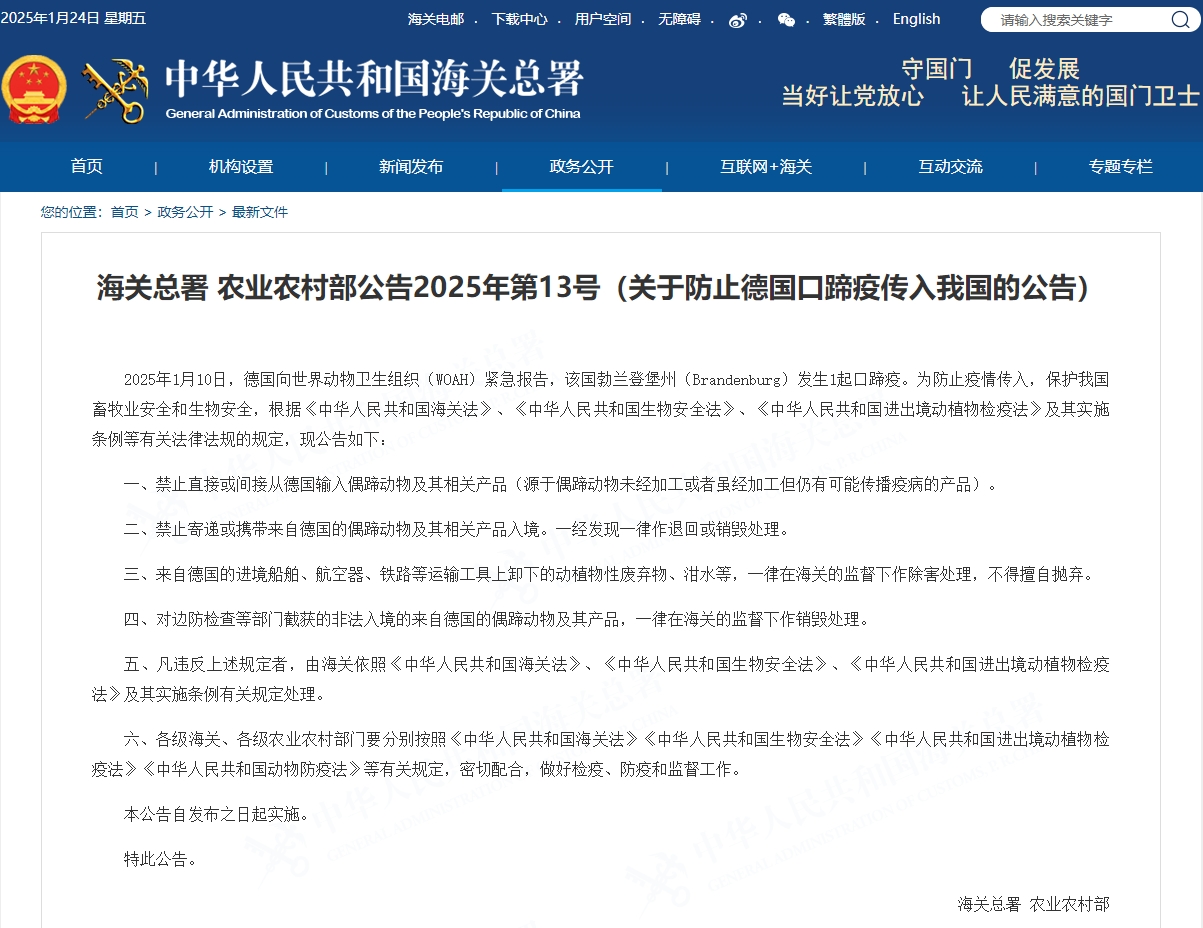 普悦 ·资讯 | 海关总署农业农村部公告2025年第13号(关于防止德国口蹄疫传入我国的公告)
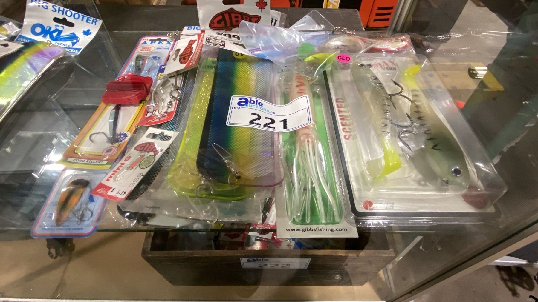 ASSORTED NEW RETAIL FISHING HOOKS, SPINNERS, BOBS, & PACKAGED TACKLE ITEMS
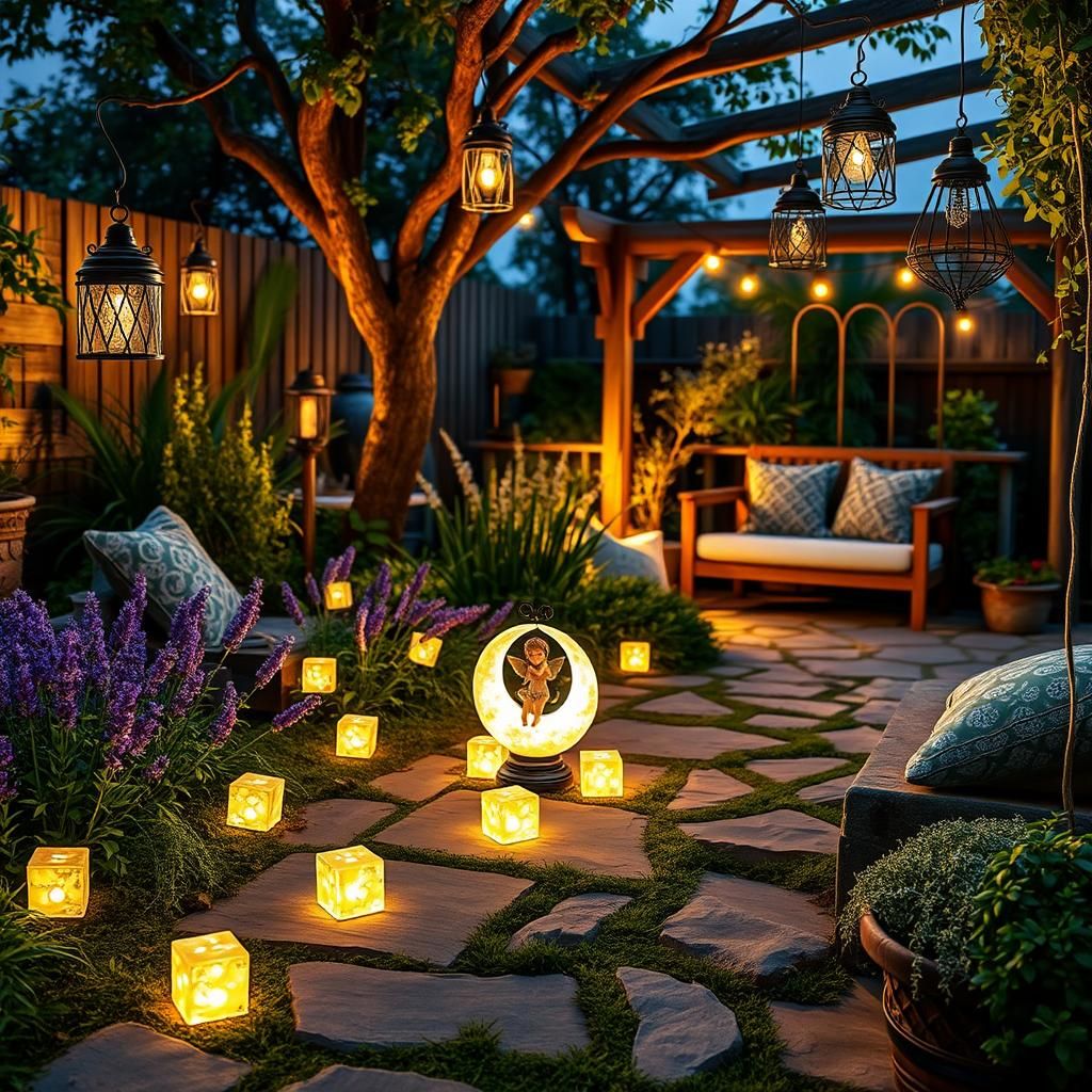 Together, these lighting touches build a garden that feels alive with magic—inviting you to step inside a twilight wonderland where every shadow and shimmer tells a story.

▶ Directions for this task
Apart from the pictures, the whole listing should be reproduced exactly.

▶ Exercise response
 普悦 ·资讯 | 海关总署农业农村部公告2025年第13号(关于防止德国口蹄疫传入我国的公告)
 ASSORTED NEW RETAIL FISHING HOOKS, SPINNERS, BOBS, & PACKAGED TACKLE ITEMS
 Together, these lighting touches build a garden that feels alive with magic—inviting you to step inside a twilight wonderland where every shadow and shimmer tells a story.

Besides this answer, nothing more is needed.